- Born: 1951 New Mexico
- Died: June 8, 2020 (aged 68–69)
- Other names: Barbara Tanner; Barbara Tanner Allen; Barbara de Kwiatkowski;
- Occupations: model, actor, journalist
- Known for: associate of Andy Warhol
- Spouse(s): Joseph Allen Henryk de Kwiatkowski ​ ​(m. 1989; died 2003)​
- Children: Nicholas

= Barbara Allen de Kwiatkowski =

American socialite (1951–2020)

Barbara Allen de Kwiatkowski (née Tanner) was a model, journalist, and socialite. She is also known as an associate of Andy Warhol, working with him on Interview magazine.

== Life and career ==
She was born in 1951, in New Mexico, but moved to the United Kingdom that year when her father, an officer with the USAF was posted there. Kwiatkowski describes growing up British. However her family later moved to Paris, when her father was posted to France.

She married Joseph Allen, described then as a "newsprint entrepreneur", when she was 19 and he was 29. Allen bought a share of Interview, which he put in Barbara's name, "so she would have something to do". Fran Liebowitz, also an associate of Warhol, said her marriage to Allen was essentially over, after Barbara joined the Warhol entourage.

After joining the Warhol entourage, and starting a career in modeling, Barbara became someone whose partying became noteworthy.
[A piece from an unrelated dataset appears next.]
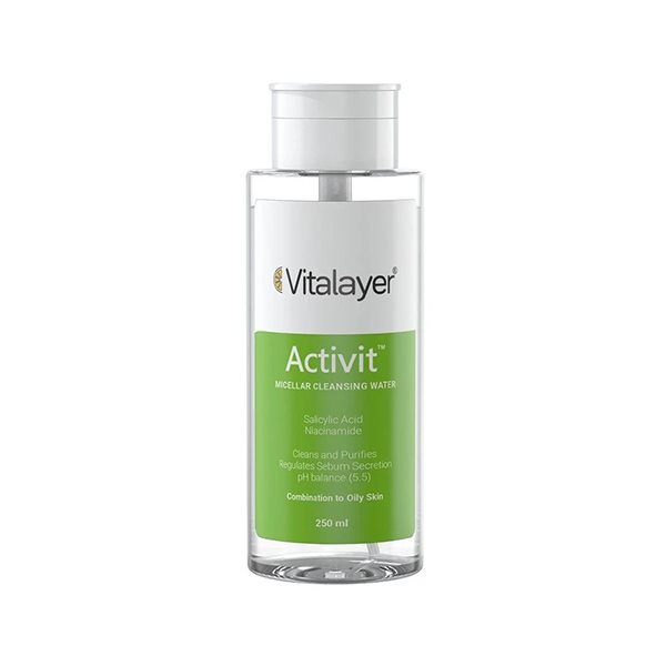 میسلار واتر اکتی ویت ویتالیر (Vitalayer) پاک کننده ملایم منافذ پوست جهت استفاده روزانه است و گزینهای عالی برای جلوگیری از ایجاد آکنه در افرادی با پوست چرب یا مختلط است که اثربخشی آن توسط متخصصین پوست تایید شده است.این میسلار واتر حاوی آب دیونیزه است که علاوه بر رطوبت رسانی باعث لایه برداری و تنظیم چربی و رفع آلودگیهای سطح پوست می شود و با خاصیت مات کنندگی خود برق ناخوشایند پوست را می گیرد.در کنار این ماده اثربخش،نیاسینامید نیز در بین ترکیبات این میسلار واتر به چشم می خورد.این ماده نیز خاصیت آبرسانی دارد و موجب بهبود شفافیت پوست صورت میشود.پاککننده میسلار واتر اکتیویت کمپانی ویتالیر حاوی مقادیر زیادی سالیسیلیک اسید است. این اسید خاصیت ضدالتهابی دارد و مانع از بروز جوش میشود.از طرفی سالیسیلیک اسید یک لایهبردار قدرتمند است و به زیبایی و سلامت پوست صورت نیز کمک می کند.وجود بیوتین در این محصول نیز باعث از بین رفتن جوشها و همچنین محو شدن لکههای پوستی میشود.عدم استفاده از الکل و مواد حساسیتزا موجب شده تا بسیاری افراد بدون هیچ دغدغهای بتوانند از میسلار واتر اکتیویت ویتالیر استفاده کنند.

During the next decade, in addition to working with Warhol, Barbara modeled, tried appearing in movies, and rebuffed many ardent admirers. In the mid-1970s she was the girlfriend of Peter Beard, a celebrated photographer. She described one incident where, early one morning, Mick Jagger tried to sneak in her bedroom window, only to sneak into the window of Beard's bedroom. She said the three of them had a good laugh over Jagger's misadventure. In another account Jagger snuck into the window of houseguest Bob Colacello. Other boyfriends and admirers from this period included Taki Theodoracopulos, Philip Niarchos, Ilie Nastase and Warren Beatty.

After an eight-year courtship, she married Henryk de Kwiatkowski in 1989. Henryk was a wealthy Canadian aircraft broker. He was 31 years older than she was. The couple were married until he died in 2003. Their son, Nicholas, was born in 1988.

Barbara appears 73 times in The Andy Warhol Diaries, which was released in 1989, and contains many embarrassing details. She described how Henryk's grown children from his first marriage were shocked, and showed the diaries' account of Barbara's wild times to their father. She said he told her he didn't care.

The New York Times profiled her again, in August 2019, when she put the 5,000 square foot Manhattan apartment she had shared with her husband up for sale. The article noted that, while she and her husband had used the apartment's large spaces to host parties attended by "bold-face names", she now lived a more retired life-style, and would be more comfortable in a smaller space.

She died, of natural causes, at age 69, on June 8, 2020.

On November 2, 2020, Christie's auction house announced that they would be in charge of auctioning off her collections of art, jewelry and clothing.